- [What needs to be done]
Write out every line below again exactly as it stands, skipping each image.

- [Data shown]
○ ○ ○ ○

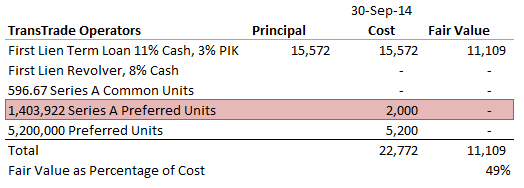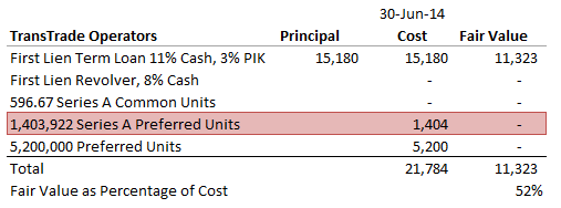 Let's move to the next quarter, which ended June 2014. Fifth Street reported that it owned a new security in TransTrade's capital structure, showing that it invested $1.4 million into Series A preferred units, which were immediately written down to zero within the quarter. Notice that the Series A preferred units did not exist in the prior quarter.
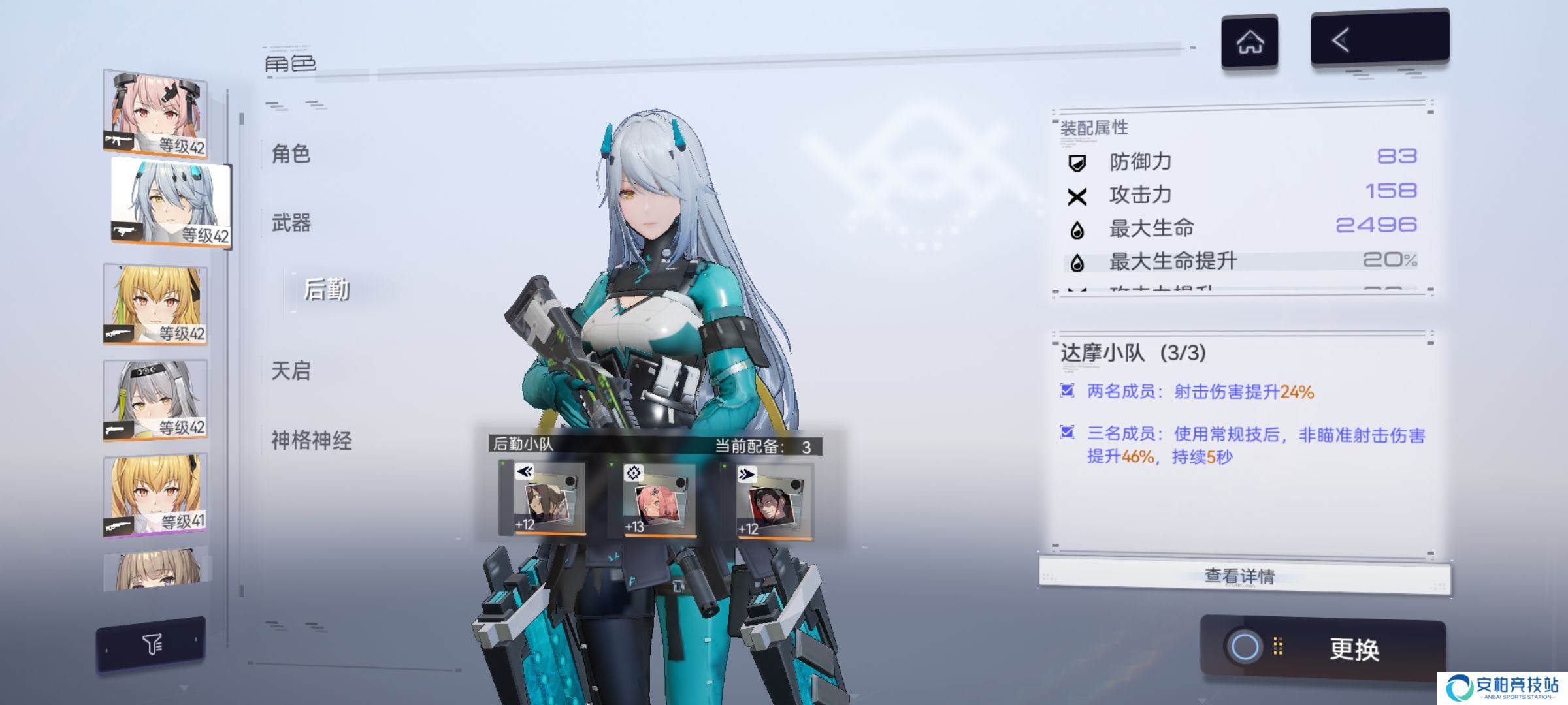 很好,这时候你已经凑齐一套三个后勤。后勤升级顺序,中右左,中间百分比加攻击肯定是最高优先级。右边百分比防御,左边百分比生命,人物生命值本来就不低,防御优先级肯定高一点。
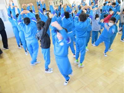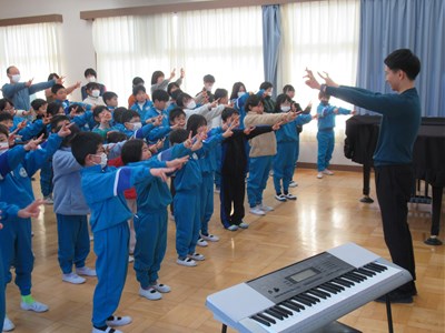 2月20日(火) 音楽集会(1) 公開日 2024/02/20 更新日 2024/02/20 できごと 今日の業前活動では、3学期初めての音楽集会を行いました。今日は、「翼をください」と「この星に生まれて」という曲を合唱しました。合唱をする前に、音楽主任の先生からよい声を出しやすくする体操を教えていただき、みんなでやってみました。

○ ○ ○ ○

- [Exercise output]
 Let's move to the next quarter, which ended June 2014. Fifth Street reported that it owned a new security in TransTrade's capital structure, showing that it invested $1.4 million into Series A preferred units, which were immediately written down to zero within the quarter. Notice that the Series A preferred units did not exist in the prior quarter.
 很好,这时候你已经凑齐一套三个后勤。后勤升级顺序,中右左,中间百分比加攻击肯定是最高优先级。右边百分比防御,左边百分比生命,人物生命值本来就不低,防御优先级肯定高一点。
 2月20日(火) 音楽集会(1) 公開日 2024/02/20 更新日 2024/02/20 できごと 今日の業前活動では、3学期初めての音楽集会を行いました。今日は、「翼をください」と「この星に生まれて」という曲を合唱しました。合唱をする前に、音楽主任の先生からよい声を出しやすくする体操を教えていただき、みんなでやってみました。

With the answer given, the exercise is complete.